### Raw data

--- START ---

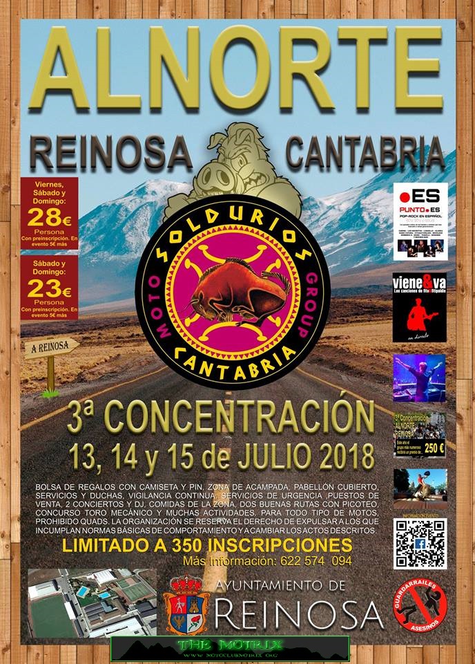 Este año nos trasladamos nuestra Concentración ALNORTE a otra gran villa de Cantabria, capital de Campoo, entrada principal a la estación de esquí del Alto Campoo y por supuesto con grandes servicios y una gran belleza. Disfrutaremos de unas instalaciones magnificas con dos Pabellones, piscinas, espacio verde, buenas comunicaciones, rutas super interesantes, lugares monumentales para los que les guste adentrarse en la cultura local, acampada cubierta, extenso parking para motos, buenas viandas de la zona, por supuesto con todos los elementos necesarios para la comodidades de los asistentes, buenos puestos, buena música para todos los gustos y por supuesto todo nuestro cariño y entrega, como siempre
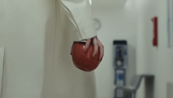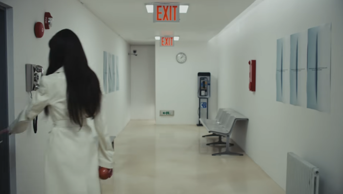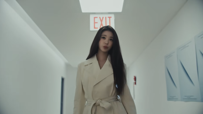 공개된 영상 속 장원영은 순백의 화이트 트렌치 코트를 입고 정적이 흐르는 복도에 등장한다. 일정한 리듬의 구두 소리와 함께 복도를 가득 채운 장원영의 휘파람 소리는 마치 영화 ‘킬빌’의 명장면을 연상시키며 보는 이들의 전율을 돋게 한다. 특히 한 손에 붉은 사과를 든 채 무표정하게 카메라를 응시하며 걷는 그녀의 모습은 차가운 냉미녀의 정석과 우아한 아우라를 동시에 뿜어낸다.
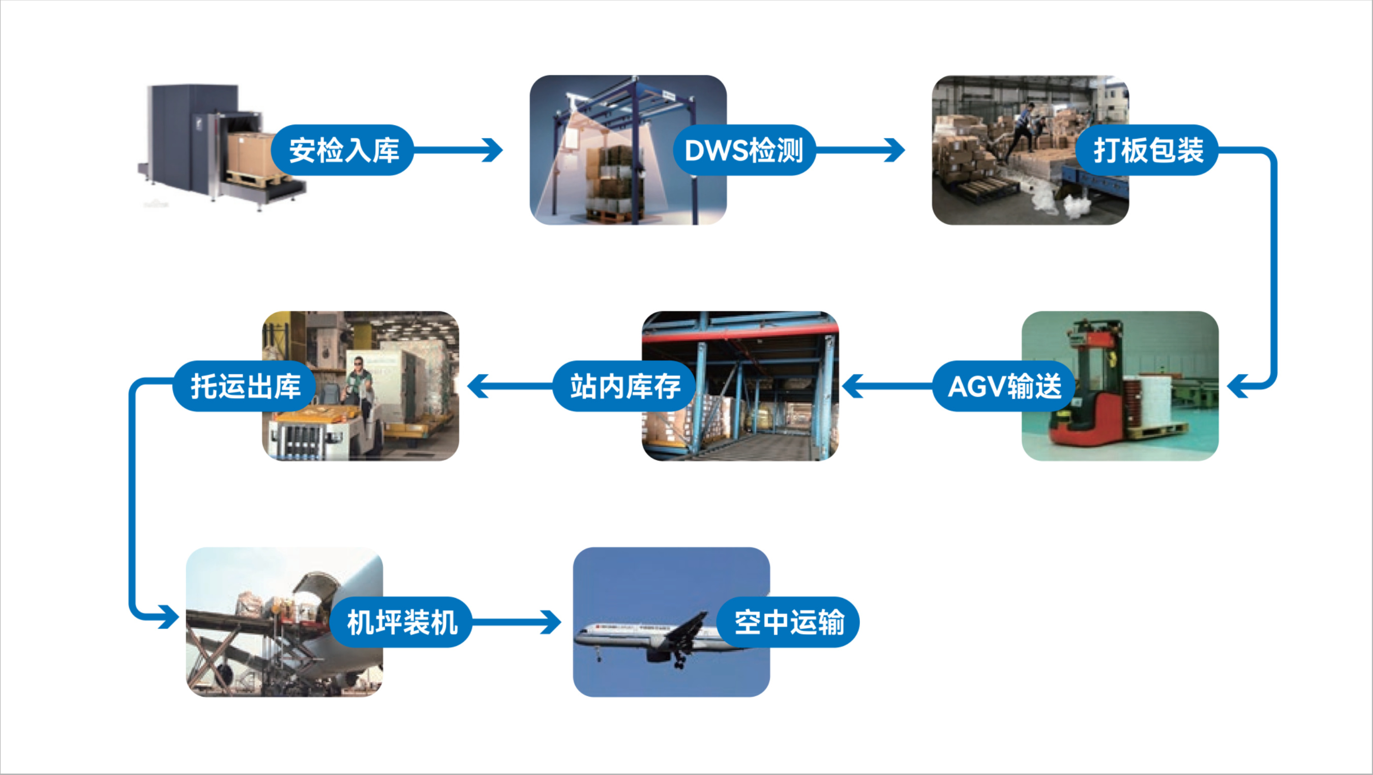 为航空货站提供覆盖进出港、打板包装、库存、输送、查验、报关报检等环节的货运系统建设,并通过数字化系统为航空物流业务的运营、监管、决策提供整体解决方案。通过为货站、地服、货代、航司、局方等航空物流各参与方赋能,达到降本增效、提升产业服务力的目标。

--- END ---

Look for the line that contains "공개된 영상 속 장원영은", then please copy it and the rest of the lines through the end of the data, pictures excluded.

### Reply to the exercise
 공개된 영상 속 장원영은 순백의 화이트 트렌치 코트를 입고 정적이 흐르는 복도에 등장한다. 일정한 리듬의 구두 소리와 함께 복도를 가득 채운 장원영의 휘파람 소리는 마치 영화 ‘킬빌’의 명장면을 연상시키며 보는 이들의 전율을 돋게 한다. 특히 한 손에 붉은 사과를 든 채 무표정하게 카메라를 응시하며 걷는 그녀의 모습은 차가운 냉미녀의 정석과 우아한 아우라를 동시에 뿜어낸다.
 为航空货站提供覆盖进出港、打板包装、库存、输送、查验、报关报检等环节的货运系统建设,并通过数字化系统为航空物流业务的运营、监管、决策提供整体解决方案。通过为货站、地服、货代、航司、局方等航空物流各参与方赋能,达到降本增效、提升产业服务力的目标。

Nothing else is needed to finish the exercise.